Representasi yang baik dan sehat juga menjadi salah satu alasan seseorang mempunyai comfort character. Misalnya, ada seseorang yang merupakan closeted bisexual atau biseksual tertutup. Kemudian ia menemukan karakter di serial TV favoritnya yang sedang mengalami hal serupa. Ia akan merasa bahwa dirinya dan permasalahannya direpresentasikan oleh karakter yang ia tonton atau baca, sehingga seolah-olah tercipta ikatan yang membuatnya merasa nyaman tiap ia menonton atau memikirkan karakter tersebut. Ia akan merasa bahwa ia tidak sendirian. Ia akan tahu bahwa di luar sana masih banyak orang yang merasakan hal sama. Fictional characters’ struggles are usually a projection of how the society looks like, anyways.

Surprisingly, comfort character itu nggak selamanya harus karakter protagonis, lho, Ultimafriends. Pernah nggak sih kamu bersikap sangat defensif terhadap sebuah karakter yang notabene adalah seorang villain atau karakter jahat? Sebagai contoh, ternyata nggak sedikit orang di luar sana yang menjadikan Loki, karakter villain dari Marvel Universe yang terkenal dengan kelicikannya, sebagai karakter penghibur mereka. Mungkin Ultimafriends akan bertanya, kenapa? Rupanya, banyak yang menemukan comfort dari Loki karena mereka dapat melihat diri mereka dalam Loki.
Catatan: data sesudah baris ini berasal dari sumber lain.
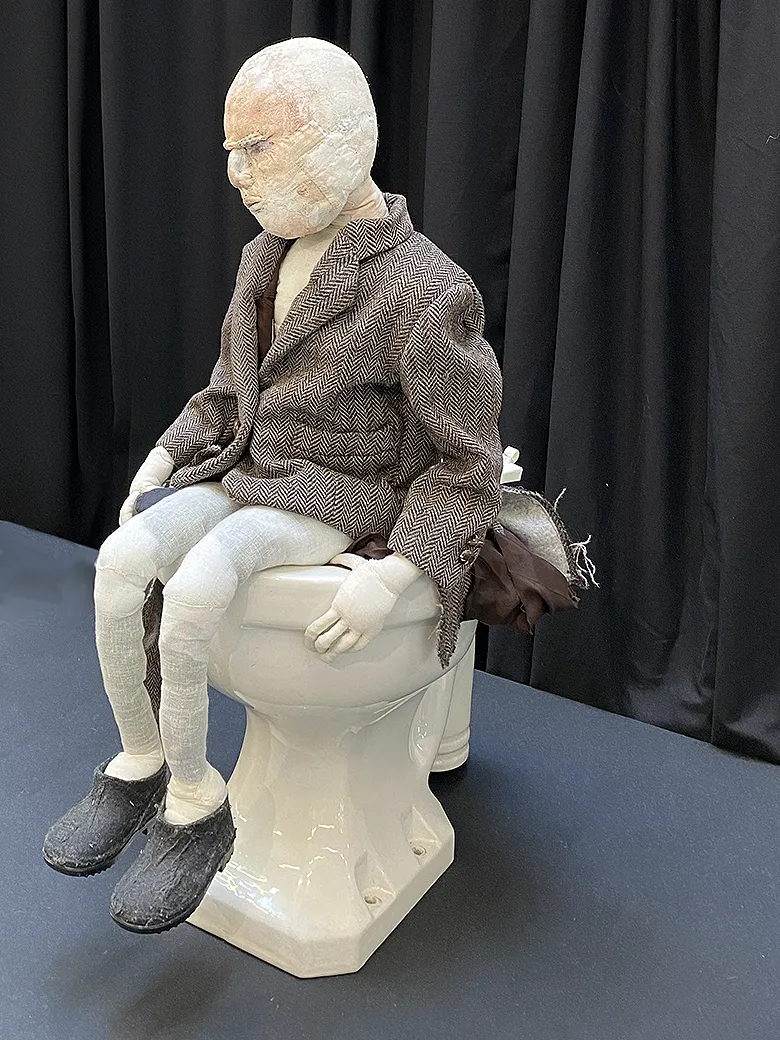 In this work I have made 'smaller' tweed jackets worn by my ex-husband and previous lovers. The intense personal connection with the owners of the jackets is combined with a distorted human figure within an enigmatic domestic surrounding.

Misunderstood, unloved, and the good old daddy issues.

Walaupun Loki, Lord of Mischief, hampir selalu memiliki rencana licik, banyak orang yang justru mengaguminya. (Foto: Giphy)

“Oh, so it’s like you’re in love with a person that’s not even real?”

Jangan samakan ketertarikan dengan kenyamanan, ya, Ultimafriends. Sometimes, we relate and connect to a character so much that we wish we were their best friend, just so we could share and ease each other’s burdens. Hal ini menjelaskan mengapa terkadang kita merasakan empati yang begitu dalam terhadap karakter kesayangan kita. Mungkin—subconsciously—itu merupakan sebuah proyeksi dari kehidupan nyata kita, Ultimafriends.

Lalu, mengapa kamu harus memiliki karakter penghiburmu sendiri?

Sederhananya, dengan memiliki karakter penghibur, kamu dapat memiliki seorang karakter yang bisa memberikan rasa nyaman dan aman. Layaknya keluarga atau sahabat, karakter penghibur dapat menjadi ‘tempat pelampiasan’ rasa sedih maupun gundahmu. Walaupun nggak bisa berhubungan dengan mereka secara harfiah, kamu bisa ‘pulang’ ke comfort character-mu dengan menghidupkan kembali momen-momen favoritmu dengan mereka.

That’s the thing with comfort characters; since they can’t really go anywhere, they’ll always be there, ready to welcome you home.